Saved entries
§

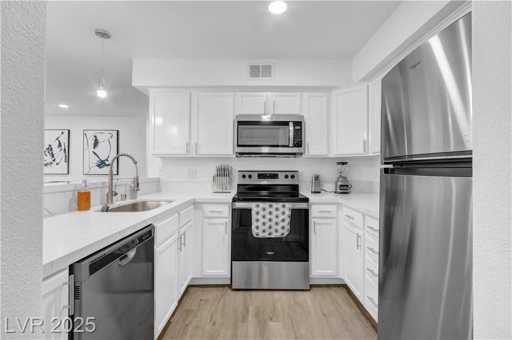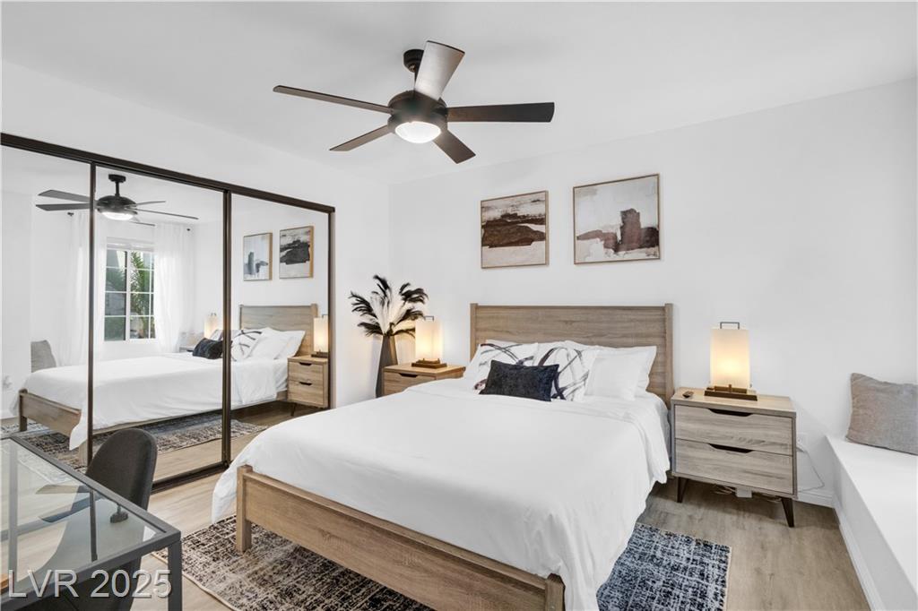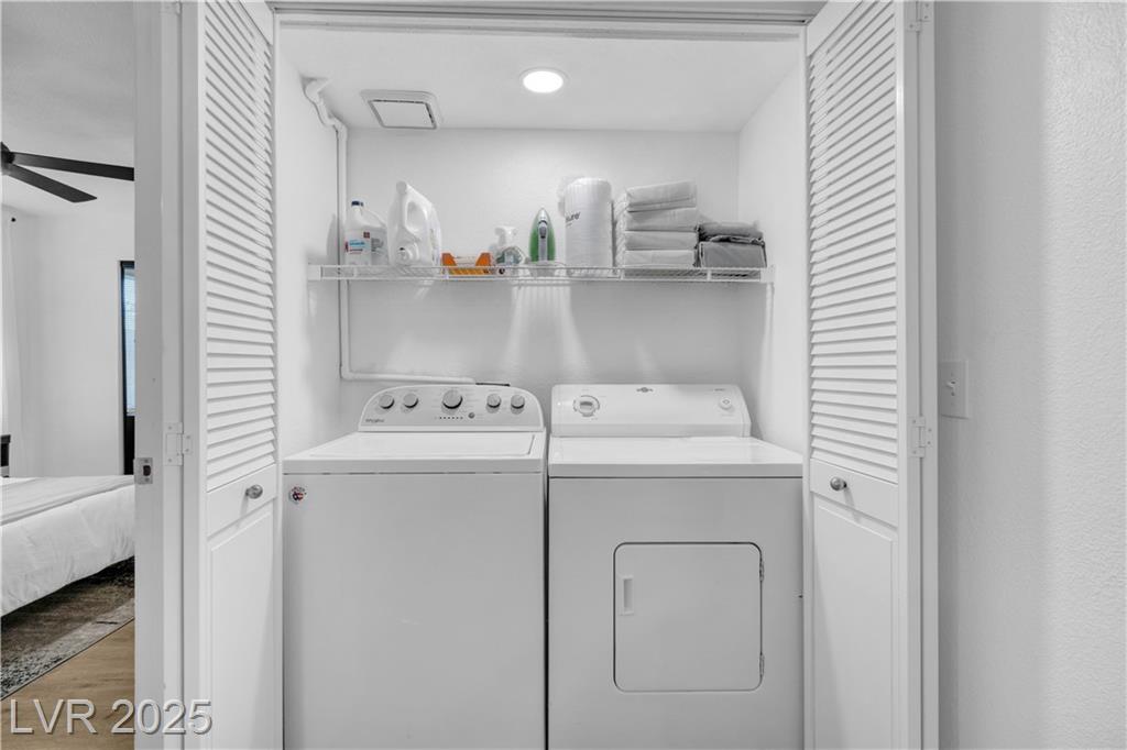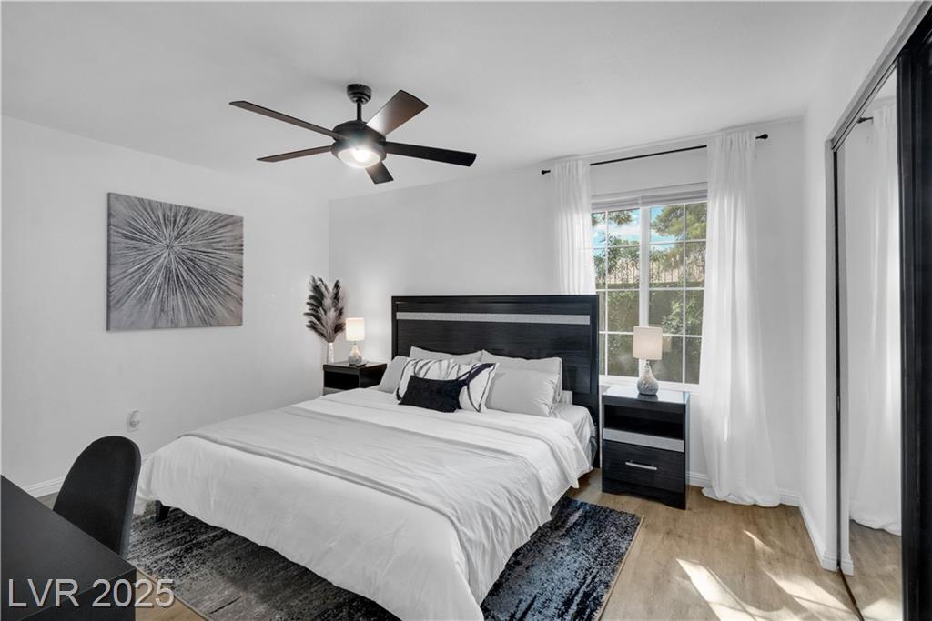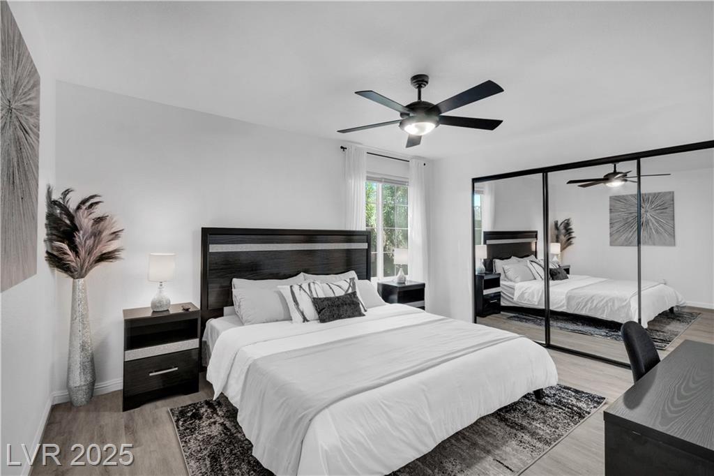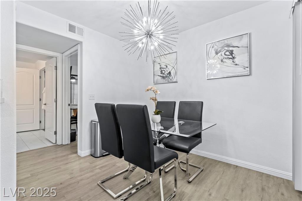 This beautifully designed 2-bedroom, 2-bath condo offers comfort, convenience, and style—all just minutes from the Las Vegas Strip, shopping, and easy freeway access. The upgraded kitchen features quartz countertops, a breakfast bar, stainless steel appliances, and elegant pendant lighting. The spacious living area is highlighted by a cozy fireplace and luxury vinyl flooring for easy maintenance and a modern touch. Just off the dining area, the private patio provides a perfect spot to relax or enjoy your morning coffee. Additional features include upgraded bathrooms with granite, ceiling fans throughout, and an in-unit laundry room for added convenience. The community offers a sparkling pool, relaxing spa, fitness center, BBQ area and ample guest parking. HOA fees cover water and trash services, making budgeting simple. Don’t miss out on this move-in-ready gem in a prime location!
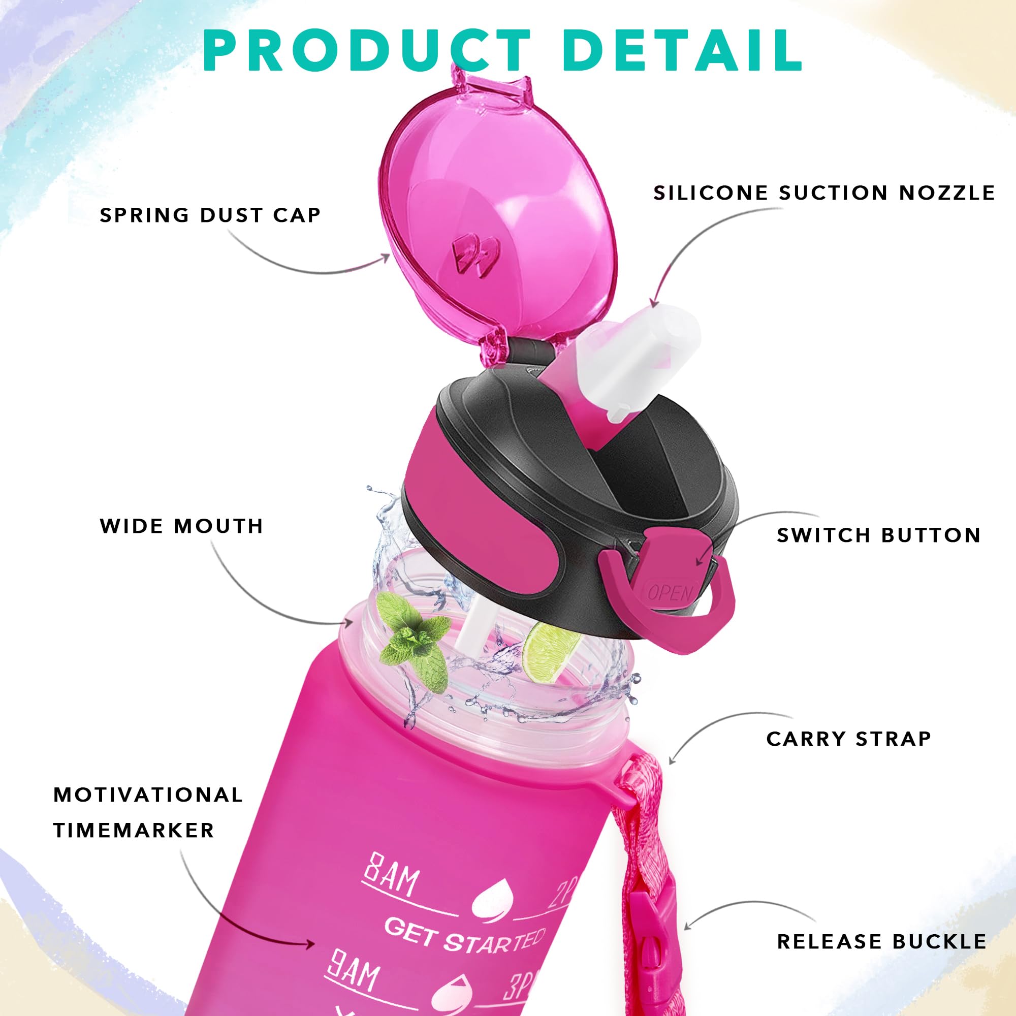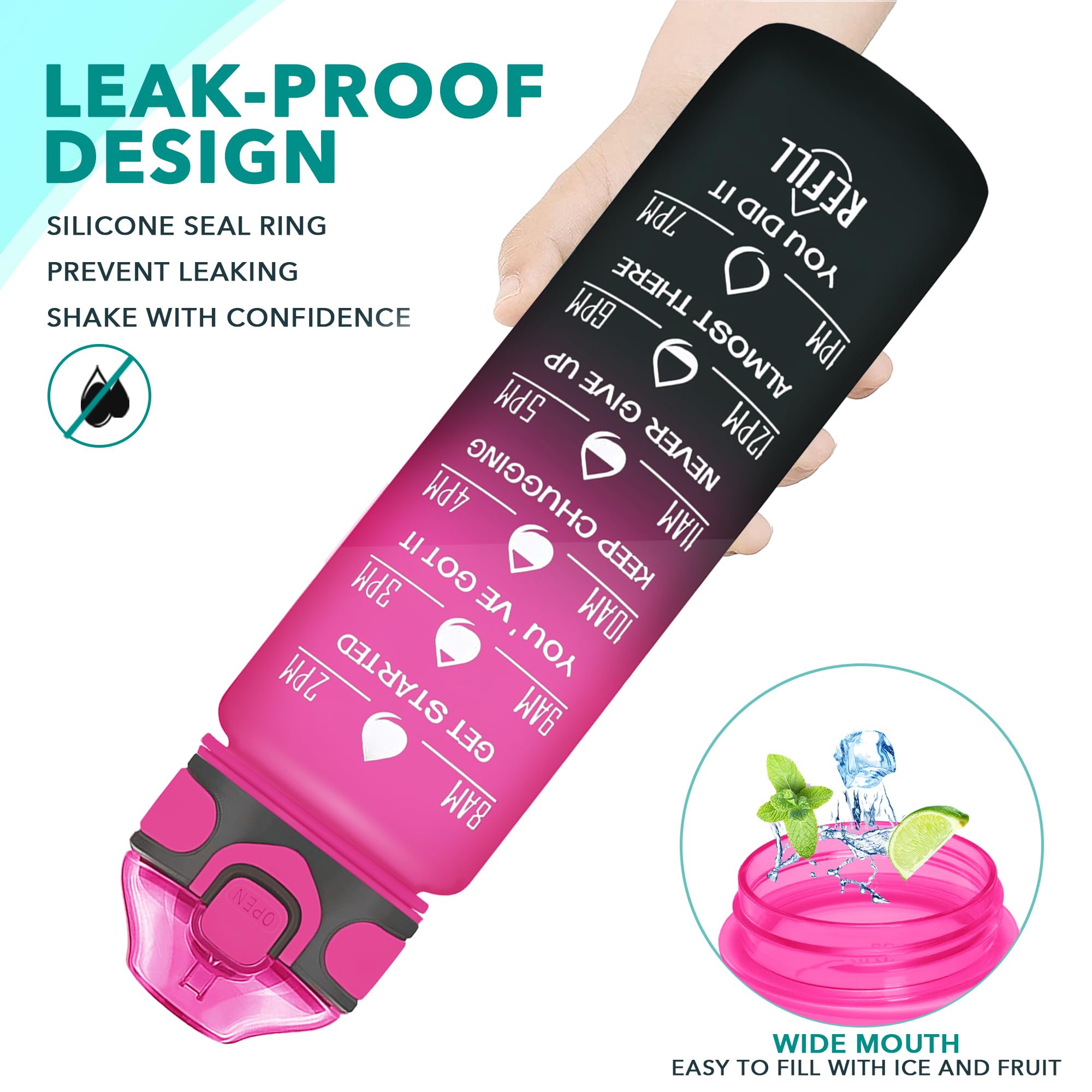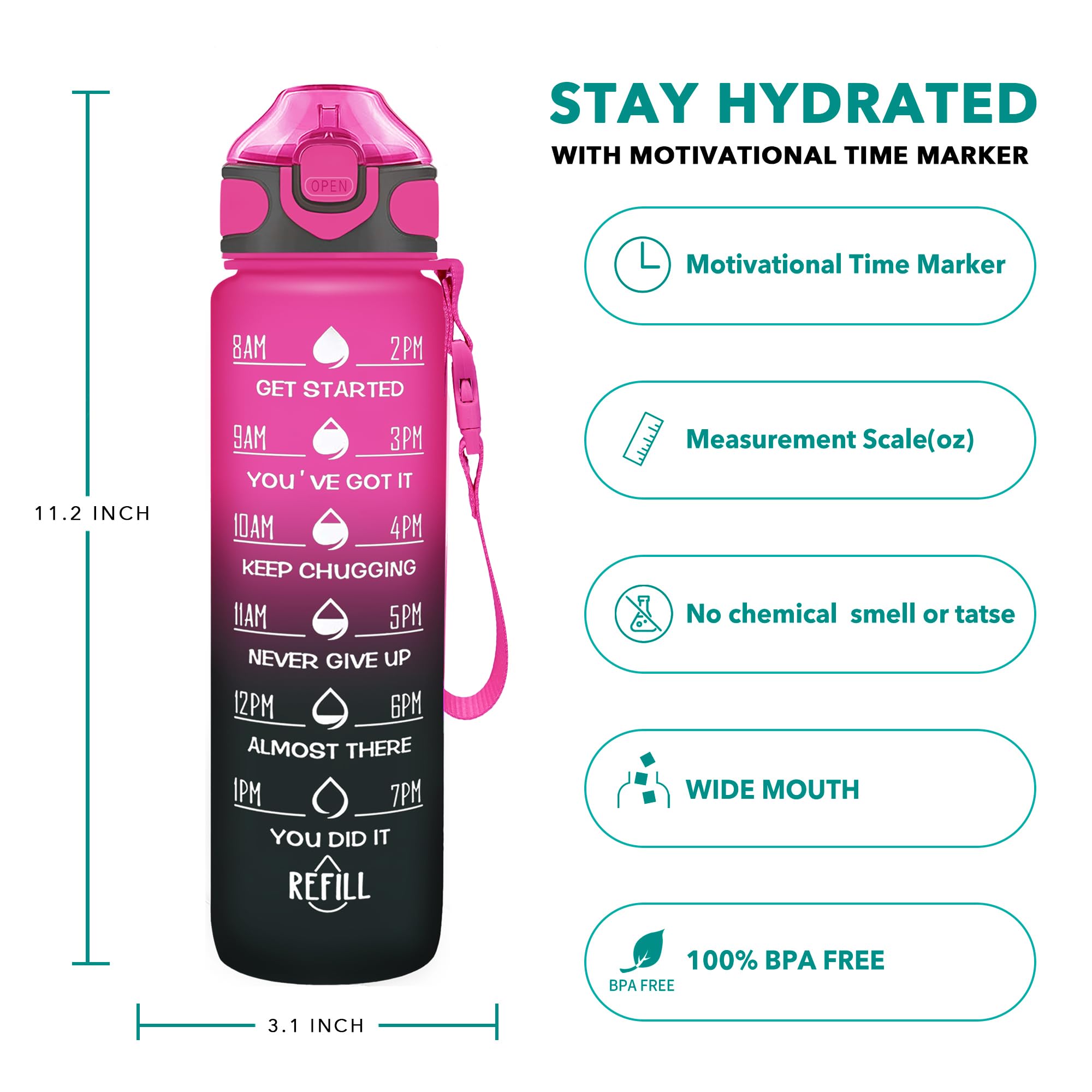 【Motivational Quote & Time Marker】32 oz water bottle with unique inspiration quote and time marker, reminding you to stay hydrated. The capacity marker helps you tracking daily water intake. A silicone straw makes you enjoy spill-proof sipping without effort. A necessary have for people of different occupations such as athletes and white-collar workers.
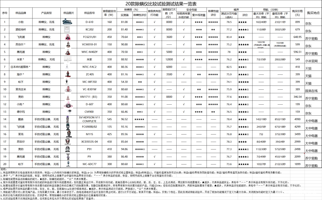 1.样品共计20款,均宣传具有除螨功能。其中标称为除螨仪类的样品为13台,带有除螨吸头的手持吸尘器类样品7台。
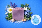Contains: Saponified Olive, Coconut and Palm oils, Lavender essential oil, Purple Mica powder
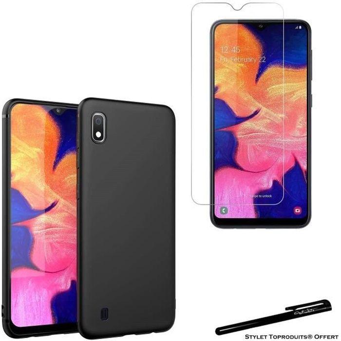 Tempered Glass for Samsung A10 and Soft Black Protective Case with Toproduits® Stylus
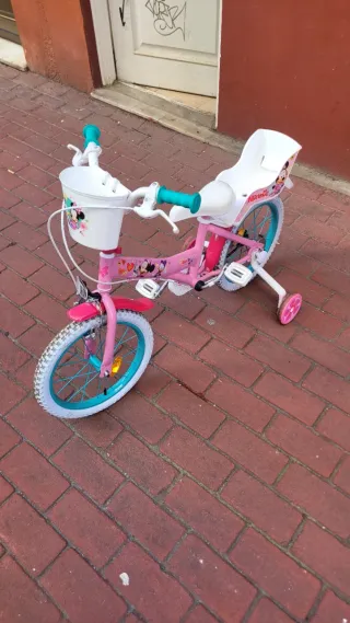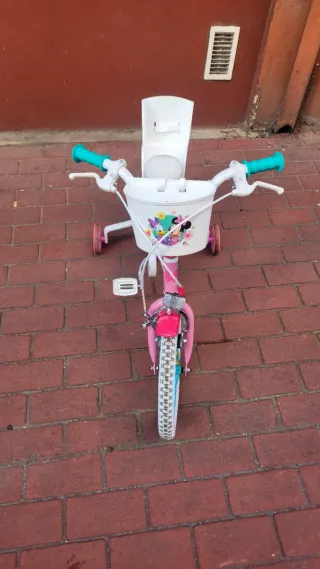 Bicicleta infantil de color rosa con temática de Minnie Mouse, ideal para los más pequeños. Cuenta con ruedines para facilitar el aprendizaje. - Cesta delantera. - Sillín trasero. - Puños de goma. - Ruedas con llantas de color turquesa.

§

* **TASK DIRECTIONS**
The reply must consist of the records, repeated exactly, minus any images.

* **RESPONSE AREA**
 This beautifully designed 2-bedroom, 2-bath condo offers comfort, convenience, and style—all just minutes from the Las Vegas Strip, shopping, and easy freeway access. The upgraded kitchen features quartz countertops, a breakfast bar, stainless steel appliances, and elegant pendant lighting. The spacious living area is highlighted by a cozy fireplace and luxury vinyl flooring for easy maintenance and a modern touch. Just off the dining area, the private patio provides a perfect spot to relax or enjoy your morning coffee. Additional features include upgraded bathrooms with granite, ceiling fans throughout, and an in-unit laundry room for added convenience. The community offers a sparkling pool, relaxing spa, fitness center, BBQ area and ample guest parking. HOA fees cover water and trash services, making budgeting simple. Don’t miss out on this move-in-ready gem in a prime location!
 【Motivational Quote & Time Marker】32 oz water bottle with unique inspiration quote and time marker, reminding you to stay hydrated. The capacity marker helps you tracking daily water intake. A silicone straw makes you enjoy spill-proof sipping without effort. A necessary have for people of different occupations such as athletes and white-collar workers.
 1.样品共计20款,均宣传具有除螨功能。其中标称为除螨仪类的样品为13台,带有除螨吸头的手持吸尘器类样品7台。
Contains: Saponified Olive, Coconut and Palm oils, Lavender essential oil, Purple Mica powder
 Tempered Glass for Samsung A10 and Soft Black Protective Case with Toproduits® Stylus
 Bicicleta infantil de color rosa con temática de Minnie Mouse, ideal para los más pequeños. Cuenta con ruedines para facilitar el aprendizaje. - Cesta delantera. - Sillín trasero. - Puños de goma. - Ruedas con llantas de color turquesa.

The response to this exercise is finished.